~ Rozdział dwudziesty pierwszy ~
Przez ostatnie dwa tygodnie wakacji Bellatrix krzątała się po domu z kąta w kąt, próbując znaleźć sobie zajęcie. Pogoda na zewnątrz pozostawiała wiele do życzenia, jednak kiedy słońce w tych niezwykle rzadkich chwilach przedzierało się przez ciężkie chmury, Bella od razu wychodziła z domu. Nigdy nie potrafiła dłużej znieść bezczynności, była bowiem osobą żywiołową i szaloną, a takie osoby nie mogą usiedzieć w miejscu. Wewnątrz ciemnego, zakurzonego (choć już nie tak jak dawniej, co niewątpliwie było jej zasługą - a raczej niemiłosiernej nudy) i cichego mieszkania czuła się jak w klatce i miała wrażenie, że jej klaustrofobia osiąga właśnie ostatni poziom.

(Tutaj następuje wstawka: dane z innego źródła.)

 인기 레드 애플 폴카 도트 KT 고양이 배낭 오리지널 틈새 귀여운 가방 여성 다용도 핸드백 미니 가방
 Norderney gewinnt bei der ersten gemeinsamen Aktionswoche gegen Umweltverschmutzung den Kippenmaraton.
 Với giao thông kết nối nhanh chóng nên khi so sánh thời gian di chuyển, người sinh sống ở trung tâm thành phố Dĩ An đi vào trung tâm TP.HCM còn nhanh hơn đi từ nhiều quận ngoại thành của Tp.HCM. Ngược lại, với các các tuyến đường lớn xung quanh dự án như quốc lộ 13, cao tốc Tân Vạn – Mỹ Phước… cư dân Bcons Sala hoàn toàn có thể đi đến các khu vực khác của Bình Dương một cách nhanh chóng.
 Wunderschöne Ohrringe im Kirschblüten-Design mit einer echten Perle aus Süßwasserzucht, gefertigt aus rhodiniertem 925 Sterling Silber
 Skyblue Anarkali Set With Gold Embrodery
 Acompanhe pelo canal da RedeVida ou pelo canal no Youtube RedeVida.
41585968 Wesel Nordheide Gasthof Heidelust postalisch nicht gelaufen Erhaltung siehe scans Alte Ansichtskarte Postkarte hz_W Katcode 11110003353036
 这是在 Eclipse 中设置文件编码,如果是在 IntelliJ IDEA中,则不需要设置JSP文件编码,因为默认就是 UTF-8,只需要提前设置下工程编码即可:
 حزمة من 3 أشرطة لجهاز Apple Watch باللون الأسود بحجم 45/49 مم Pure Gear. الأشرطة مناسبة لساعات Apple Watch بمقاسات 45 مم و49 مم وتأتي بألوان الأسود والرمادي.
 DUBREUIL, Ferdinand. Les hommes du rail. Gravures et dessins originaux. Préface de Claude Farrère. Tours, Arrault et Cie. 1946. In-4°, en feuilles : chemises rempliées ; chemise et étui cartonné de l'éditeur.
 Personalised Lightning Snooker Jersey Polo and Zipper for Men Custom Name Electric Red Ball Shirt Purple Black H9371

A więc gdy tylko przestawał padać deszcz, wychodziła za dom Snape'a do małego, dość zaniedbanego kwadratowego ogródka. Miał tam mnóstwo gratów różnej maści, począwszy od przerdzewiałych na wylot kociołków, a na podejrzanych książkach skończywszy. Severus łaskawie pozwolił jej tu przebywać i ćwiczyć umiejętności nowej różdżki na tych śmieciach.
Bellatrix przeczuwała, że gdyby nie pragnął za wszelką cenę pozbyć się jej z domu, by móc w spokoju pracować nad eliksirem na zapomnienie, w życiu by nie wyraził na to zgody. Jednakże jej ciągłe próby podejrzenia, co on robi i zasypywanie go gradem pytań okazało się tak uciążliwe, że powiedział jej, żeby się wynosiła na dwór. "Powiedział" to zresztą raczej eufemizm. Wydarł się na nią tak, że Bellatrix mogłaby przysiąc, iż słyszeli go wszyscy, którzy mieszkali po drugiej stronie rzeki dwa kilometry stąd. Groził jej, że jak się nie zamknie, to rzuci to wszystko w cholerę i będzie miał... ee, gdzieś, co się stanie z jej mężulkiem. Bella nie dawała się jednak na to nabrać; znała go zbyt długo, by nie wiedzieć, że zawsze dotrzymuje słowa i nigdy się nie poddaje. Urocza litania pod jej adresem mogłaby się ciągnąć w nieskończoność, gdyby w efekcie nie stracił głosu. Chrząkając wściekle, wypchnął ją siłą za drzwi, a następnie zatrzasnął je z całych sił i dał się słyszeć brzęk zamka.
Pewnego pochmurnego poranka obudziła się krótko po szóstej z okropnym bólem zatok i zupełnie zatkanym nosem. Ledwo patrząc przez załzawione oczy, dźwignęła się z łóżka i bardziej na "czuja" odnalazła drogę do piwnicy Snape'a. Czuła, że jeśli nie zażyje natychmiast eliksiru pieprzowego, to oszaleje. Zeszła po omacku po schodach na sam dół. Niestety, w takich ciemnościach i w takim stanie potknięcie się o coś jest niemal pewne. Bella nie mogła być tutaj wyjątkiem.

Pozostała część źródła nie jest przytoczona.